The successful loading of the dataset is verified.
3. Dataset Splitting
The text dataset is divided into three parts:
- Training set (90%) – used for learning model parameters
- Validation set (5%) – used to monitor overfitting
- Test set (5%) – used for final evaluation
This ensures proper training and evaluation of the model.
4. Vocabulary Creation and Encoding
- Extract all unique characters to form the vocabulary.
- Map each character to a unique integer index (character-to-index mapping).
- Convert the entire text into a sequence of integers.
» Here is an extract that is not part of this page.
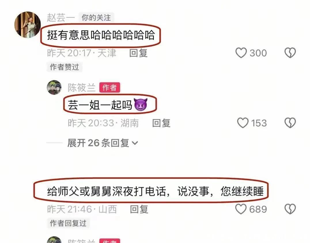 最近,陈筱兰又有了新动态。蓝本,他被网友们怂恿着想要在德云社“搞点事情”,但又不敢告成对舅舅和师傅下手,于是就选用在寝室拿师叔们练手。这一操作可太有料想了,某次他在寝室的“开顽笑”致使把正在休眠的郭霄汉、党霄咏吵醒,师叔们那真确又无奈的反应,让东谈主忍俊不禁。而网友们则是看吵杂不嫌事大,在指摘区纷纷出倡导策,这场景就像是一场欢悦的线上大派对。就连赵芸一也被诱骗过来,以为这事儿好玩又有料想,忍不住参与到这场欢悦的征询中。

5. Hyper-parameter Initialization
Initialize training parameters such as:
- Number of epochs
- Learning rate
- Embedding size
- Batch size
- Sequence length
- Hidden layer size
- Number of RNN layers
These parameters control learning behaviour and model capacity.
6. Batch Generation
Create mini-batches of input sequences and corresponding target sequences using fixed sequence lengths (sliding window approach) to enable efficient training. Input sequences (x) and target sequences (y) are created such that each target character is the next character in the sequence.
7. RNN Model Definition
Define a Character-level RNN model consisting of:
- An Embedding layer to convert character indices into dense vectors
- A multi-layer vanilla RNN to process sequential data
- A Fully Connected (Linear) layer to predict the next character
Initialize the model with zero hidden states.
8. Model Training
- Train the RNN using Backpropagation Through Time (BPTT).
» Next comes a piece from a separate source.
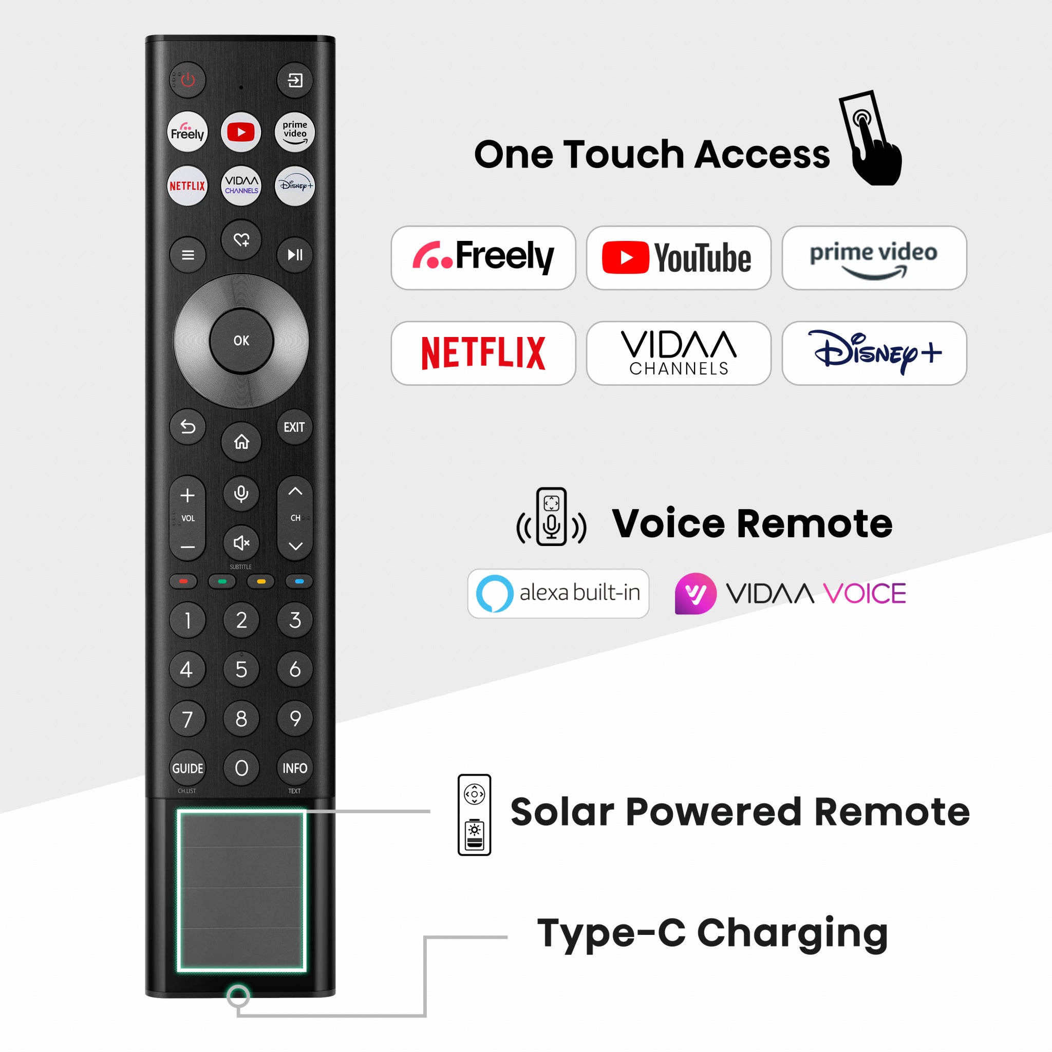 Our new solar charging remote removes the need for replacing batteries. Using ambient light its always charging, so you have power no matter the time of the day. With multiple quick access buttons to your favourite streaming services. The newsolar powered multi-function remote makes controling the TV seamless.

- Use Cross-Entropy Loss as the objective function.
- Optimize the model using the Adam optimizer.
- Apply gradient clipping to prevent exploding gradients.
- Record training and validation loss after each epoch.
9. Loss Curve Visualization
Plot training and validation loss curves to analyse model convergence and learning behaviour.
10. Text Generation
After training, generate new text by:
- Providing a seed string
- Predicting one character at a time
- Feeding the previously generated character back into the model
11. Hidden State Visualization
- Extract hidden states for a short character sequence.
- Plot the evolution of selected hidden units across time steps.
- Analyse how the RNN maintains memory over the sequence.
12. Result Analysis
The generated text, loss curves, and hidden-state plots are analysed to evaluate the effectiveness of the RNN in learning sequential character-level patterns.